Top of Supplied records
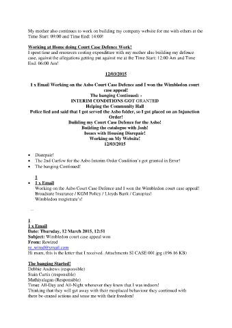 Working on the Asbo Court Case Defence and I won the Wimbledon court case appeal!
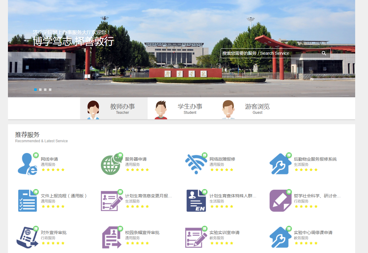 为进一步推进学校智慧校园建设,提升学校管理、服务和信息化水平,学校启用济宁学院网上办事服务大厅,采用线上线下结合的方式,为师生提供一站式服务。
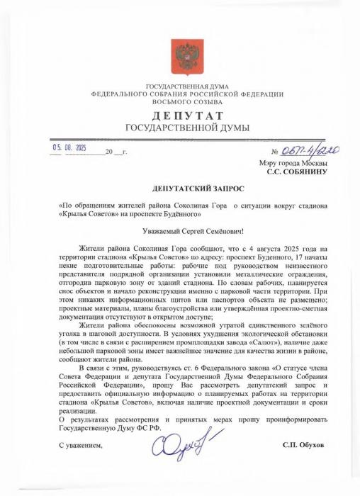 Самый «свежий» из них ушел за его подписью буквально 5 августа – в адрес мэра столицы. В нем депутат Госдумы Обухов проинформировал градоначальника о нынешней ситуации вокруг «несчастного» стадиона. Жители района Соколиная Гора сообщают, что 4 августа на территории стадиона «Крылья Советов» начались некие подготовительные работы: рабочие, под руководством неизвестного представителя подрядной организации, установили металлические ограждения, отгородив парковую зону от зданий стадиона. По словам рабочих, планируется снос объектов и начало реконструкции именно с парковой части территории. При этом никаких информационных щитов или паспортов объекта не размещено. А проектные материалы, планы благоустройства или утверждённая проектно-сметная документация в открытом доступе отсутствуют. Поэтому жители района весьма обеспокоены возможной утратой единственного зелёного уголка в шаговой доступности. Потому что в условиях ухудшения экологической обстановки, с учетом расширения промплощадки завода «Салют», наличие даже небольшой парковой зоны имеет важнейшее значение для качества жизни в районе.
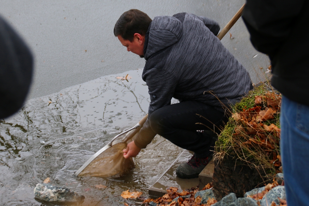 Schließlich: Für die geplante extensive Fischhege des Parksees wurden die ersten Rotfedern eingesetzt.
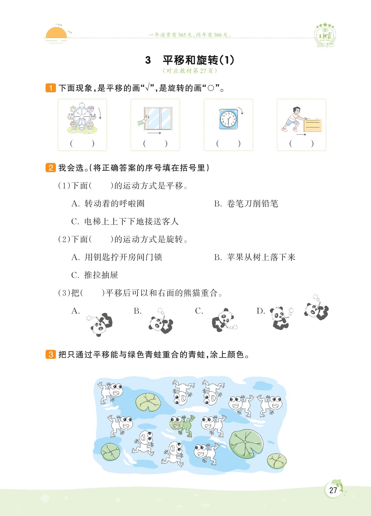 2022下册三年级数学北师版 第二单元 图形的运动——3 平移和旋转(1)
Bottom of Supplied records
Transcribe the listing above verbatim. No picture belongs in the result.

 Working on the Asbo Court Case Defence and I won the Wimbledon court case appeal!
 为进一步推进学校智慧校园建设,提升学校管理、服务和信息化水平,学校启用济宁学院网上办事服务大厅,采用线上线下结合的方式,为师生提供一站式服务。
 Самый «свежий» из них ушел за его подписью буквально 5 августа – в адрес мэра столицы. В нем депутат Госдумы Обухов проинформировал градоначальника о нынешней ситуации вокруг «несчастного» стадиона. Жители района Соколиная Гора сообщают, что 4 августа на территории стадиона «Крылья Советов» начались некие подготовительные работы: рабочие, под руководством неизвестного представителя подрядной организации, установили металлические ограждения, отгородив парковую зону от зданий стадиона. По словам рабочих, планируется снос объектов и начало реконструкции именно с парковой части территории. При этом никаких информационных щитов или паспортов объекта не размещено. А проектные материалы, планы благоустройства или утверждённая проектно-сметная документация в открытом доступе отсутствуют. Поэтому жители района весьма обеспокоены возможной утратой единственного зелёного уголка в шаговой доступности. Потому что в условиях ухудшения экологической обстановки, с учетом расширения промплощадки завода «Салют», наличие даже небольшой парковой зоны имеет важнейшее значение для качества жизни в районе.
 Schließlich: Für die geplante extensive Fischhege des Parksees wurden die ersten Rotfedern eingesetzt.
 2022下册三年级数学北师版 第二单元 图形的运动——3 平移和旋转(1)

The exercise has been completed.